**EXERCISE BRIEF**.
Give back the full listing verbatim, apart from its images.

(COLLECTED MATERIAL)

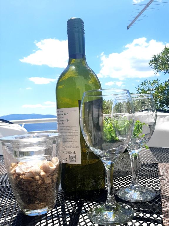 Preporučam apartman svim srcem ovo mjesto i ovi ljudi su nas jednostavno oduševili. Pogled s prozora koji oduzima dah, topla dobrodošlica domaćina uz vino i rakiju. Mjesto je jednostavno savršeno ako volite mir i tišinu, au isto vrijeme blizinu kafića ili sladoleda. besprijekorno čiste prostrane sobe, atmosfera kao kod kuće. Da ne spominjem ukusnu ribu koju smo dobili od vlasnika na rastanku... jednostavno fino. Već sitno brojimo do sljedeće godine.....sigurno se vraćamo.
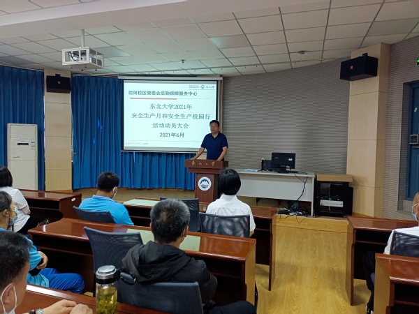 6月10日上午,沈河校区管委会后勤保障服务中心在教学主楼东阶一教室召开了贯彻落实东北大学2021年“安全生产月”和“安全生产校园行”活动动员大会。后勤保障服务中心全体职工参加了会议,会议由沈河校区管委会后勤保障服务中心主任肖辰厚主持。
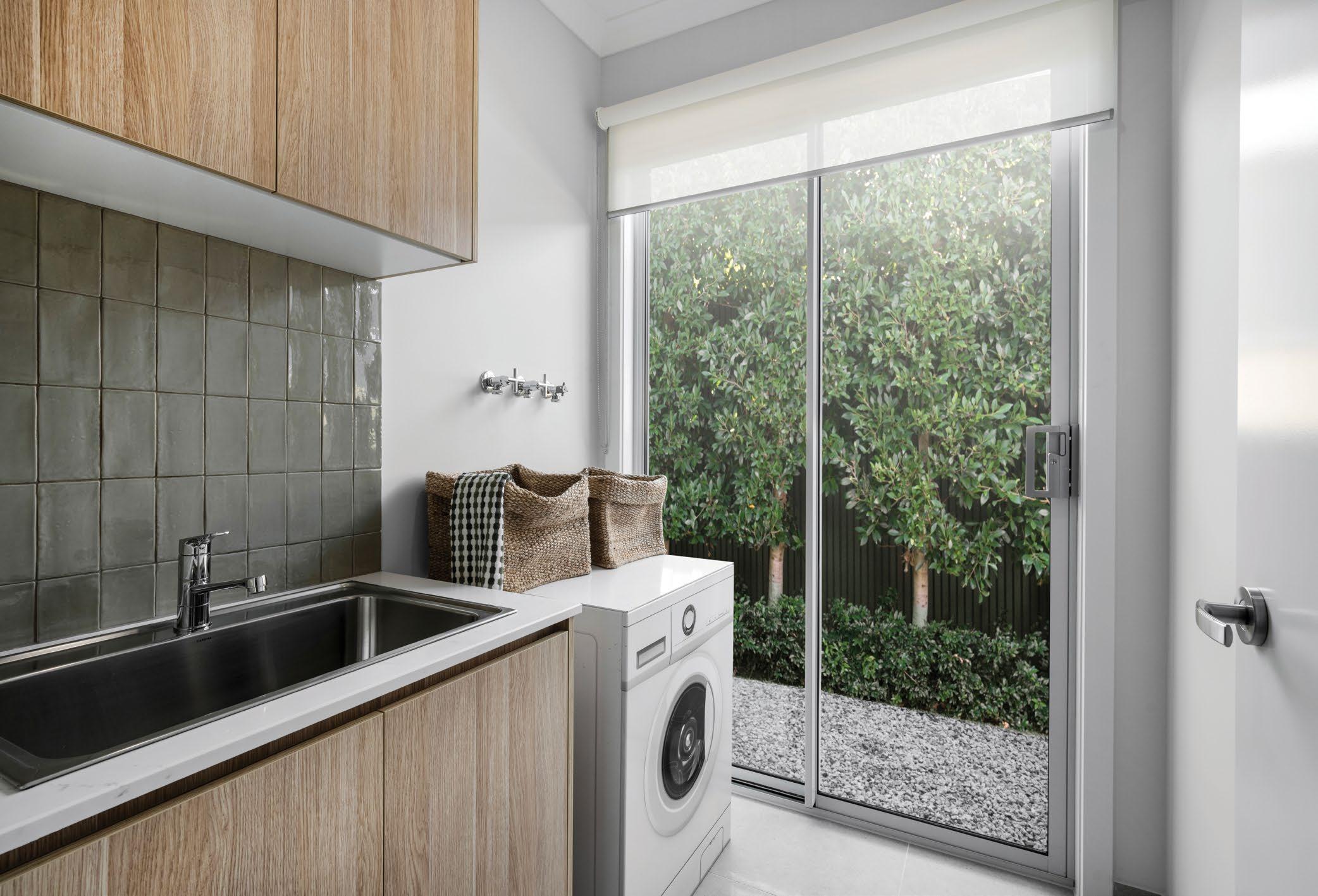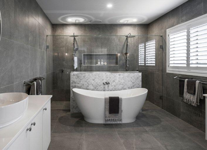 Includes Caroma Urbane II white inset vanity basins to Bathroom & Ensuite in lieu of standard; Caroma Urbane II white hand basin to Powder Room (Design specific); Caroma Urbane II chrome tapware to basins, bath and shower compartments in lieu of standard; Caroma Urbane II chrome Rail Shower to Bathroom & Ensuite shower compartments in lieu of standard; Caroma Urbane II chrome sink mixer to the Kitchen in lieu of standard.

(End COLLECTED MATERIAL)

**SOLUTION TO THE EXERCISE**.
 Preporučam apartman svim srcem ovo mjesto i ovi ljudi su nas jednostavno oduševili. Pogled s prozora koji oduzima dah, topla dobrodošlica domaćina uz vino i rakiju. Mjesto je jednostavno savršeno ako volite mir i tišinu, au isto vrijeme blizinu kafića ili sladoleda. besprijekorno čiste prostrane sobe, atmosfera kao kod kuće. Da ne spominjem ukusnu ribu koju smo dobili od vlasnika na rastanku... jednostavno fino. Već sitno brojimo do sljedeće godine.....sigurno se vraćamo.
 6月10日上午,沈河校区管委会后勤保障服务中心在教学主楼东阶一教室召开了贯彻落实东北大学2021年“安全生产月”和“安全生产校园行”活动动员大会。后勤保障服务中心全体职工参加了会议,会议由沈河校区管委会后勤保障服务中心主任肖辰厚主持。
 Includes Caroma Urbane II white inset vanity basins to Bathroom & Ensuite in lieu of standard; Caroma Urbane II white hand basin to Powder Room (Design specific); Caroma Urbane II chrome tapware to basins, bath and shower compartments in lieu of standard; Caroma Urbane II chrome Rail Shower to Bathroom & Ensuite shower compartments in lieu of standard; Caroma Urbane II chrome sink mixer to the Kitchen in lieu of standard.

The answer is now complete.